Here, though, in Oxford, Mississippi, I saw several hundred people gather in protest near this colonnaded building, and my first thought was that this must be some kind of a protest.  We had protests in front of buildings on my campus when I was an undergrad.  I participated in one to urge the trustees to divest from holdings in South Africa until Nelson Mandela was freed.  As this was the administrative building, I thought it might be a plea for something like that.

No — they just really, really cared who won Miss Ole Miss and the other titles.

I saw two girls near me look at each other as if it was Christmas morning, tears brimming in their eyes.  As the administrators came out on the steps with the official count, they clasped hands, and one gasped, “Oh, my God!  This is actually happening!”

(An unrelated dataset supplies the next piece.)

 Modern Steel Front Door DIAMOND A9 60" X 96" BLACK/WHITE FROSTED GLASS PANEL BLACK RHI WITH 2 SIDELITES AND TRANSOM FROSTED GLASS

As each of the Homecoming court and princesses was announced, as a name of a particular sorority sister was called, the whole sorority jumped up and down and gave — not a whoop, but a lady-like hoot.  I’ve only heard this hoot once before, and it was in the movie Gone With the Wind.  When it was announced that there would be an auction to dance with the ladies, the ladies let out this noise.  Is it a lady rebel yell?  I think so.  The teams of Ole Miss are called the rebels.  So they let out that sigh-hoot, high pitched, not in ululation, but something just as exotic and particular to them.

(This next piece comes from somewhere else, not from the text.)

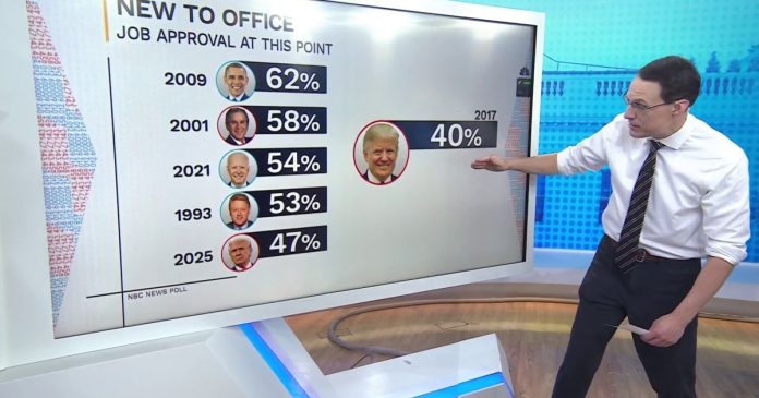 Steve Kornacki joins TODAY to breakdown a new NBC News poll on President Donald Trump’s second term in the White House, more than 50 days since he was sworn in. His job performance is rated as 47% approve while 51% disapprove.

Many of these women hugged each other with real tears running down their faces.  The ones doing the crying did not seem to be the losers, only those who had campaigned for these titles for friends.

Hysteria broke out in one of the colored t-shirt clusters when Miss Ole Miss was announced.  Apparently, that was the loveliest title to have, better, perhaps than Homecoming Queen, but I have no idea why.  Apparently, the next day, someone accused the winner of cheating and demanded a recount.  Again, I have no idea why.

What is this place, and why do they care about the things they care about?  Why don’t  they care about the things I cared about at their age?  Why do they all want to conform to an exclusive group’s standards?  I was desperate to be an individual when I was their age.  Why don’t these sororities integrate more?  Everyone, black and white, is smart and pretty here.

And what am I doing down here among them?  How did this happen?  When I teach my students that Immanuel Kant said that the slogan of the Enlightenment should be, “Don’t be afraid to use your own reason,” do they feel afraid to use it anyway, in case they might offend sorority sisters or fraternity brothers?  Have I entered a culture, like in certain Asian cultures, where the needs of the group are traditionally paramount, valued well above the needs of the individual, and my rugged individualism feels like a fundamental rejection of their values?  Is it odd that these conformists call themselves “The Rebels” and elect a Colonel Rebel?

I left a little confused.  I heard one sorority, the one that had Miss Ole Miss in it, chanting something in unison.  I could not make out the words, quite.  I am Xena in this Greek world.  I am a Goth (perhaps former Goth) invading Rome.  I don’t speak the language, not quite.  Despite careful study of the grammar, something is lost to me in the area of idiom.

Who are these people?  Who am I among them?

I am squinting at them.  It might just be a weather balloon.  I don’t know.  I know it seems to follow a direction other than the wind.  This might be my close encounter of the third kind.